As I read it I think that the idea there is to allow usage of pattern where the resulting resource refers to other resources that somehow encode the contents of the QUERY request body in their URL (or even results in redirect to such resource). For example the result of QUERY is page with html table of the data which also includes server-side rendered chart of the same data as an external image.
[Edit: the return redirect to URL that somehow encodes the query usage is even given as an example in section 4.2]
> idempotent with regards to the resource identified by the request URI
That means that a QUERY request can change the state of the server, for example by creating new resources; there's exactly one resource it's not allowed to change.

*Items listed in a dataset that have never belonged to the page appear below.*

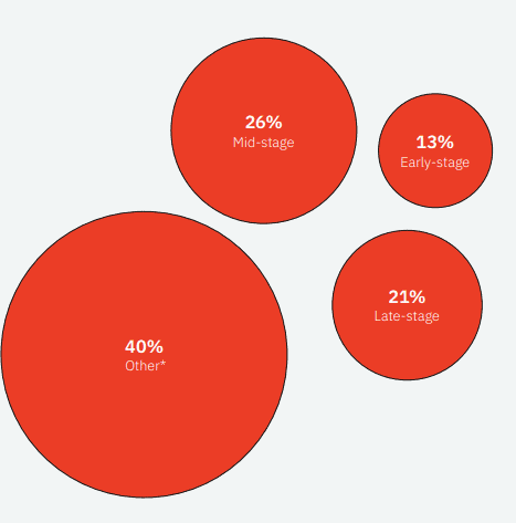 9. 21% of all funding in 2021 went to late stage startups, while 13% went to early stage ones. (iTechArt)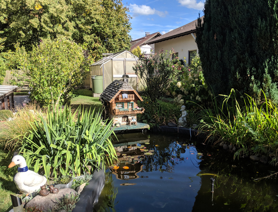 Wir haben den Stellplatz in Sinsheim erreicht. Ein sehr schöner Stellplatz mit allem was man als Womo-Reisender so begehrt. Im Bistro des Schwimmbades erhält man einfache Brötchen ab 09:00 Uhr. Wir stehen in der äußeren Reihe zur Bahn hin. Von der Baustelle direkt nebenan geht tagsüber etwas Lärm aus. Die Bahn ist relativ leise. Wir haben einen Spaziergang durch Sinsheim gemacht. Die Stadt hat uns nicht so richtig begeistert. Sie hat viele Neubauten aus der Nachkriegszeit. Es gibt aber auch noch Reste historischer Gebäude. Wir haben uns orientiert wo man relativ schnell einen Bäcker findet. In dem Raifeisenmarkt haben wir ein Mitbringsel für Rosel und Werner besorgt. Einen Frosch aus Beton und zwei Blumenbüschel aus Beton, passend zum Frosch. |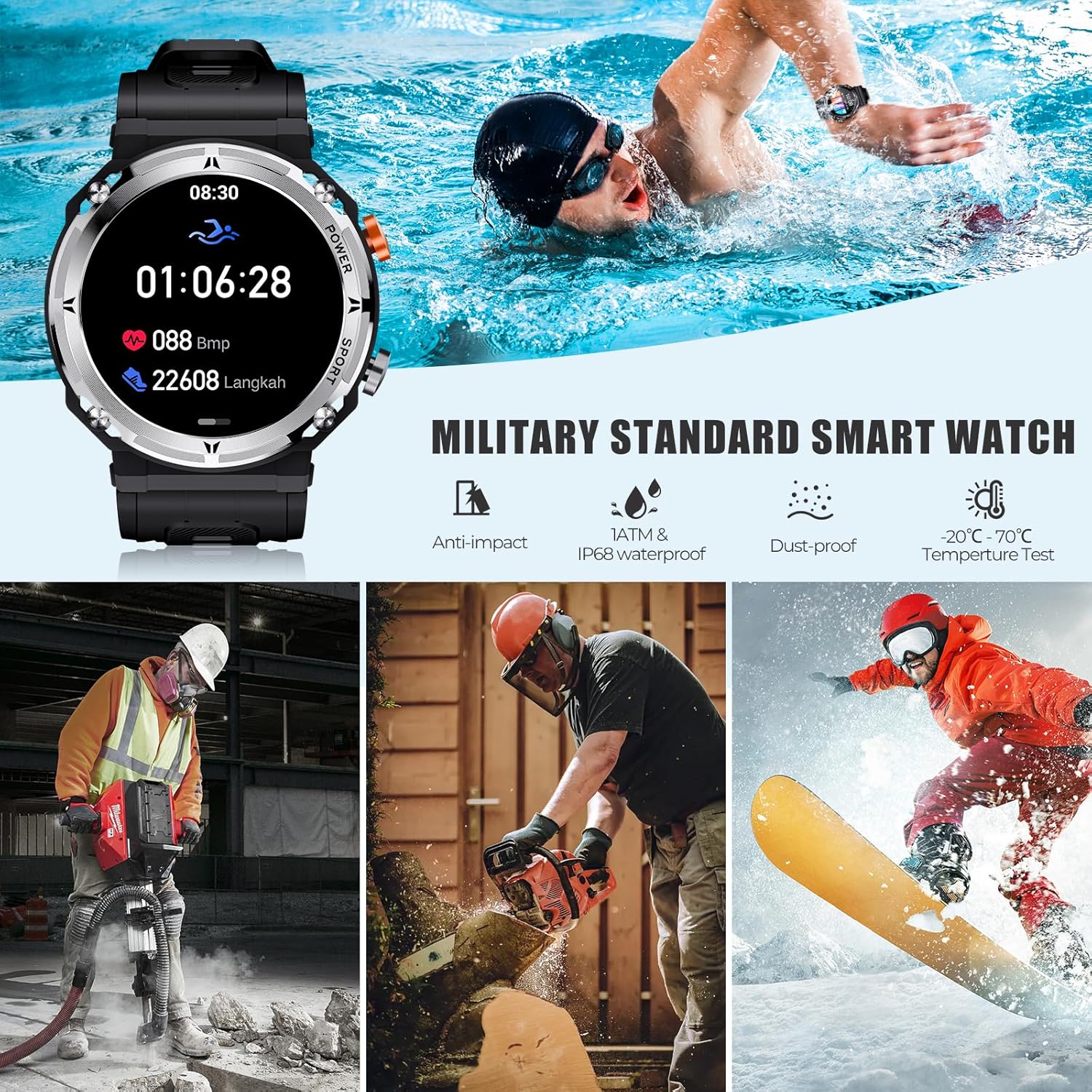Newest armor design military smart watch for men with loads of practical function, a true embodiment of rugged elegance. Has conquered 12 grueling military-grade tests, proving its unwavering durability and reliability in the face of extreme conditions, perfect for outdoor activities!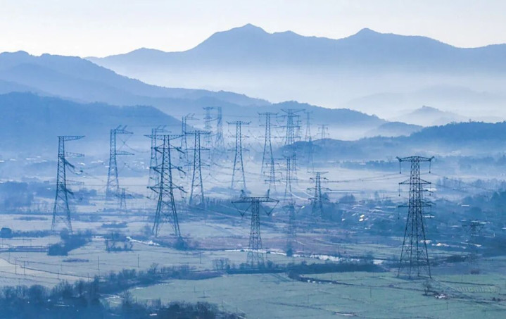 安徽省芜湖市繁昌区孙村镇,“西电东送”特高压通道工程与晨雾、山峦、乡村等相映成景。鲁君元摄(影像中国)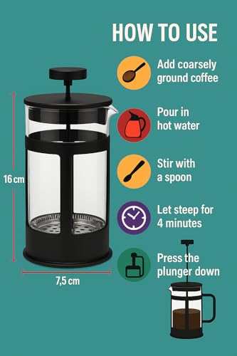Generic - فرنش برس لتحضير القهوة، زجاج مقاوم للحرارة، سعة 350 مل، فلتر ستانلس متعدد الطبقات، مناسب للقهوة والشاي، آمن للغسالة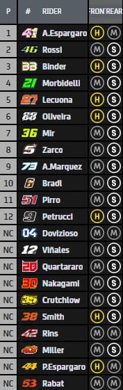 Pol Espargaró, Andrea Dovizioso, Maverick Viñales, Jack Miller, Takaaki, Álex Rins, Miguel Oliveira, Joan Mir, Franco Morbidelli et Fabio Quartararo iront directement en Q2 et vont maintenant pouvoir peaufiner leur rythme en vue de la course.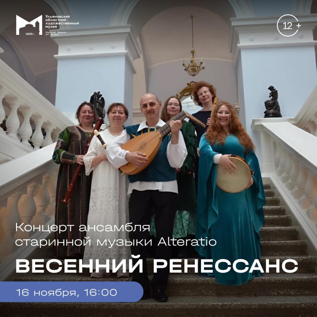 Зрители насладятся музыкальным искусством эпохи Возрождения в стенах Ульяновского областного художественного музея. Лучшие образцы итальянской, французской и английской музыки XV–XVI прозвучат в исполнении ансамбля Alteratio – уникального коллектива музыкантов, играющих на аутентичных музыкальных инструментах. Для посетителей на старинных инструментах будут играть Олег Киселев (ренессансная лютня); Любовь Скворцова (бубен), Екатерина Алаева (блок флейта-сопрано), Майя Козина (блок флейта-альт), Александра Куликова (блок флейта-тенор), Полина Леонтьева (блок флейта-бас). Руководитель ансамбля Олег Киселев, вокальные партии исполнит Любовь Скворцова.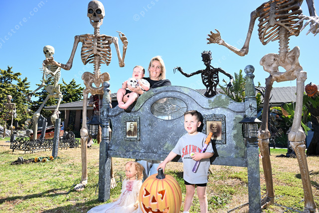 Brookfield resident Jacqueline Licitra has elaborate Halloween decorations on her front yard. Pic of Jacqueline with her grandsons Maddix (3) and Zanon (1). (Damjan Janevski). 510121_15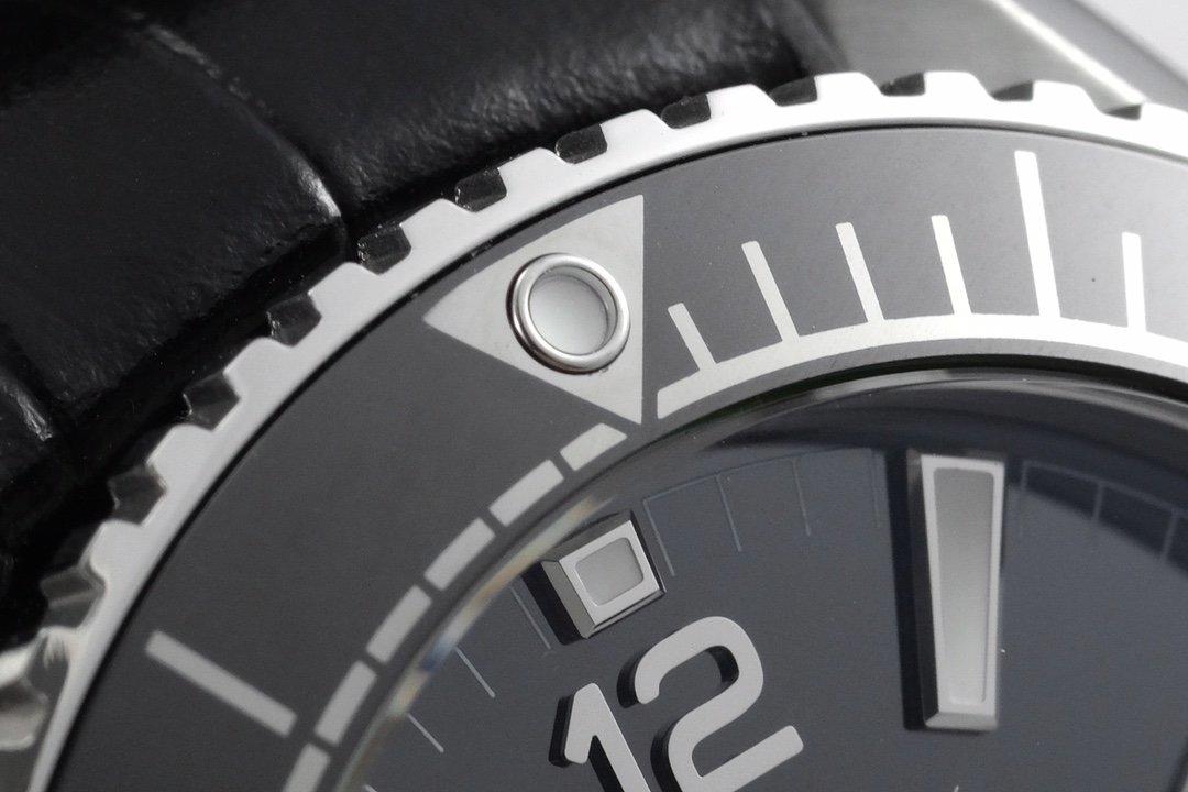 Черная керамика. Полированные часовые риски и 3D стрелки, покрытые люминесцентным составом Super LumiNova С1 + С3, зеленого и голубого свечения. Окно даты, расположенное в отметке на 15.00 часов |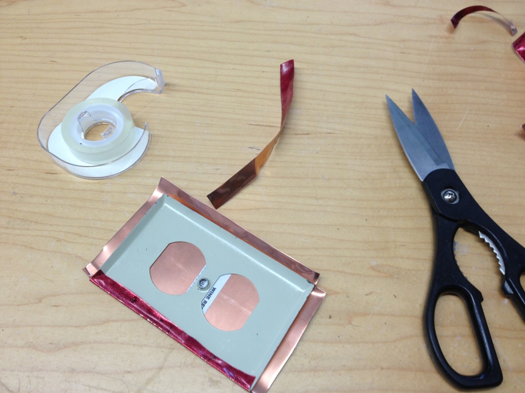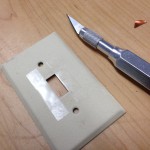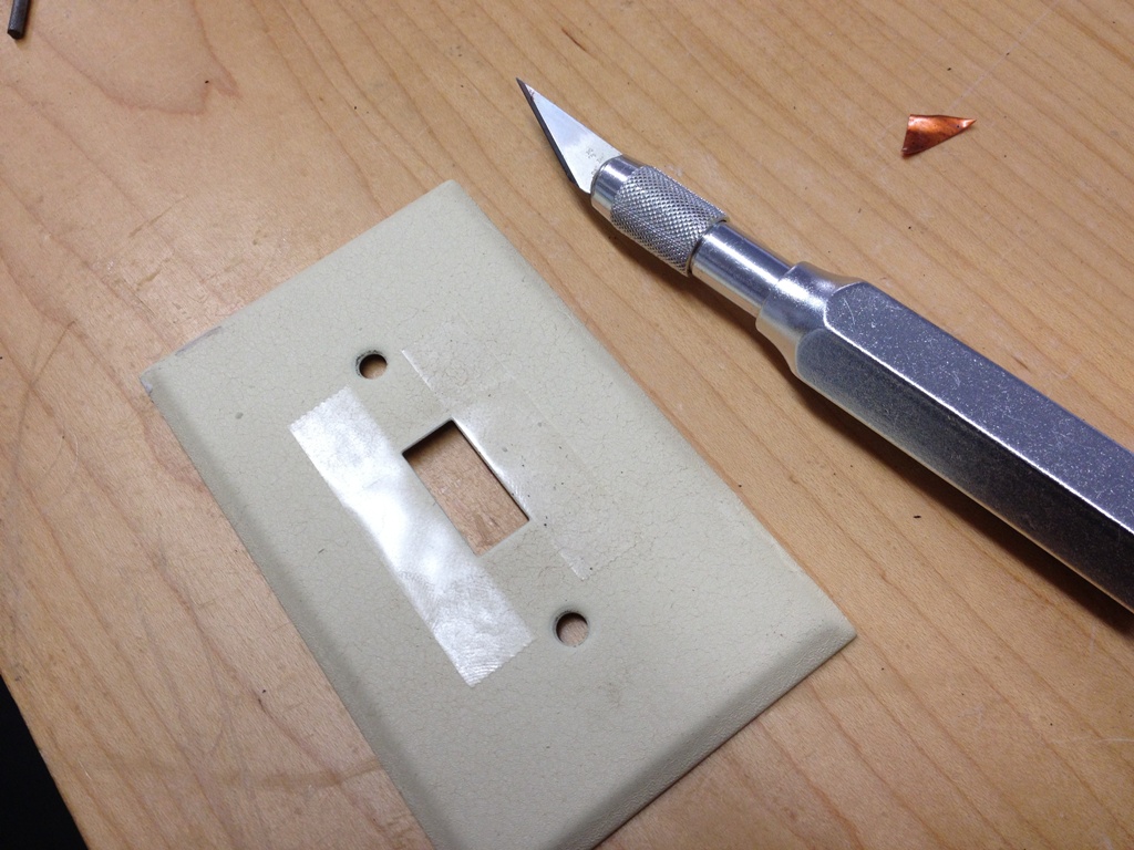Cut to SizeLike any good handyman, I have a small collection of existing switchplate covers of various sizes and materials.  It’s a good idea to use metal ones for this purpose.  You’re going to form the copper foil around them and plastic just won’t take the beating.  The cheap metal ones retail for about a dollar or two so it’s not like some huge expense.  Anyway, use metal ones for the backbone.

That has always been the case ... requests get logged, and if the server exposes its access logs over HTTP, that's one thing for which a request won't be idempotent
Idempotent etc in the HTTP specs has always been more or less an attempt at a promise to the client "you should be able to repeat this request if you're not sure about success/failure without anyone claiming to implement HTTP being able to throw the book at you".
A resource is defined by a path, so if you have a `QUERY /documents` or `QUERY /albums` endpoint, the resource is all documents or albums that you are searching across, so it cannot add one of those items (like `POST /album`). It is possible that this could affect some other resource (e.g. an audit trail), which would mean that a `QUERY /logs/audit` endpoint must not add an audit log entry per the idempotent requirement.
Hum... You are complaining about a request having the side effect that a server may fork another process to answer it? That's not really much anybody can do about this.
The possible creation of extra HTTP resources (response resorces?) seems to me contrary to idempotency. That seems more like the territory of POST.
If two identical QUERY requests might produce different response resources, how to square that with the the fact that QUERY will be cacheable?